Following is code used for regression:
### KELP DATA ###
# Kelp data
Length_kelp <- c(0.12, 0.56, 0.56, 0.99, 1.20, 20.90, 33.10, 12.50, 8.70, 3.40, 2.90, 16.40, 21.20, 8.90, 12.60)
Biomass_kelp <- c(21, 32, 27, 34, 45, 1456, 3752, 950, 501, 198, 167, 1275, 1987, 645, 876)
data_kelp <- data.frame(Length = Length_kelp, Biomass = Biomass_kelp)
# Linear Model for Kelp
model_kelp <- lm(Biomass ~ Length, data = data_kelp)

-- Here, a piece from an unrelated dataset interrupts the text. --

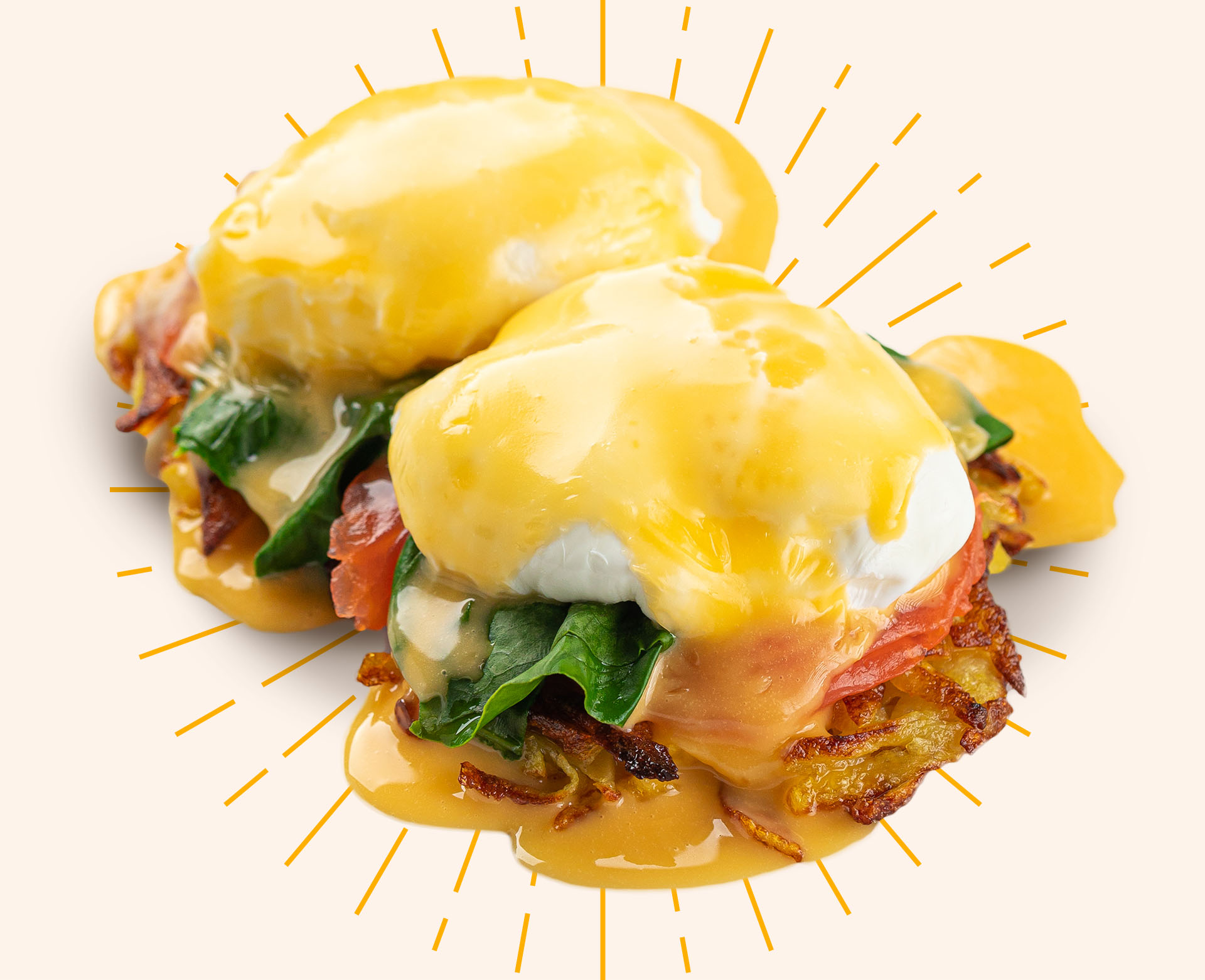 Two poached eggs with spinach, hollandaise sauce & tomato with homefries.

# Plot for Kelp with custom y-axis limits to include negative values
plot(data_kelp$Length, data_kelp$Biomass,
main = "Biomass vs Length (Kelp)",
xlab = "Length (m)",
ylab = "Biomass (g)",
pch = 19, col = "blue",
ylim = c(-500, max(data_kelp$Biomass))) # Set y-axis limits to include negative values
# Add regression line for Kelp model
abline(model_kelp, col = "red", lwd = 2)
# New Length values for prediction (Kelp)
new_lengths_kelp <- data.frame(Length = c(34.2, 19.8, 15.4, 0.21, 1.5))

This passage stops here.